Planet Earth | University-Lectures-Online | Scoop.it

Stephen Marshak

Illinois

 

Start: TBA

Workload: 8-10 hours/week
Physical & Earth Sciences

 

Planet Earth, an overview of geology, discusses how earthquakes, volcanoes, mountain building, floods, ice ages, evolution, climate, and plate tectonics have interacted over deep time to produce a our dynamic island in space, and its unique landscapes.

 

Earthquakes, volcanoes, mountain building, ice ages, landslides, floods, life evolution, plate motions—all of these phenomena have interacted over the vast expanses of deep time to sculpt the dynamic planet that we live on today. Planet Earth presents an overview of our home, from a geological perspective. We learn how the elements comprising the Earth formed in the guts of stars and supernovae, how Earth and its Solar System neighbors formed from a vast cloud of gas and dust over 4.5 billion years ago. And how the atmosphere, oceans, and rocks of our planet form and change. We will emphasize how plate tectonics—the grand unifying theory of geology—explains how the map of our planet's surface has changed radically over geologic time, and why as present-day geologic activity—including a variety of devastating natural disasters—occur where they do.

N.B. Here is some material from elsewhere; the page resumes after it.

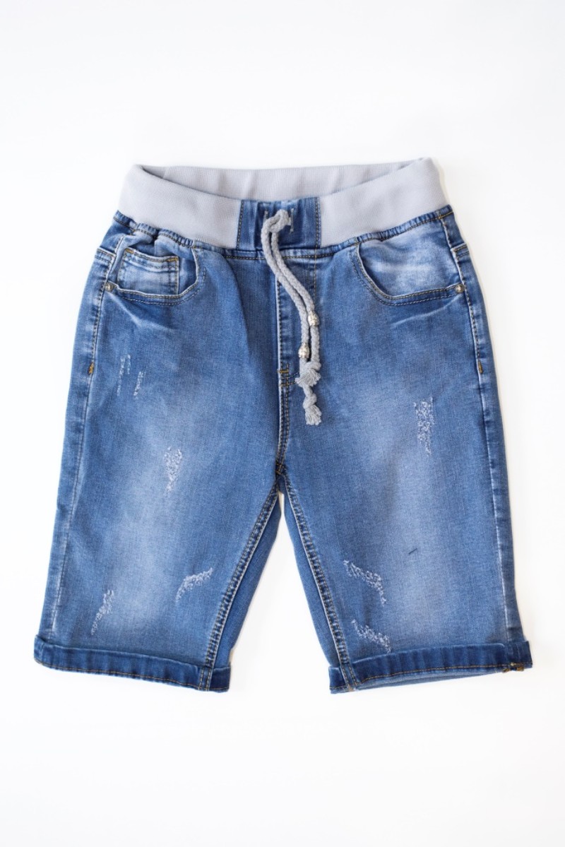 Шорты-бермуды из синей джинсовой ткани с потертостями для подростков. На поясе удобная резинка. Размерный ряд 140,146,152,158,164,170 см.

We will also discuss the fascinating interactions and exchanges that take place among land, sea, air, and life, and how these interactions they result in the great variety of landscapes—from deserts to glaciers—that make our planet unique, and influence climate change in the past and, potentially the future. Finally, we will delve into the processes that produce the energy and mineral resources that modern society depends on, to help understand the context of the environment and sustainability challenges that we will face in the future.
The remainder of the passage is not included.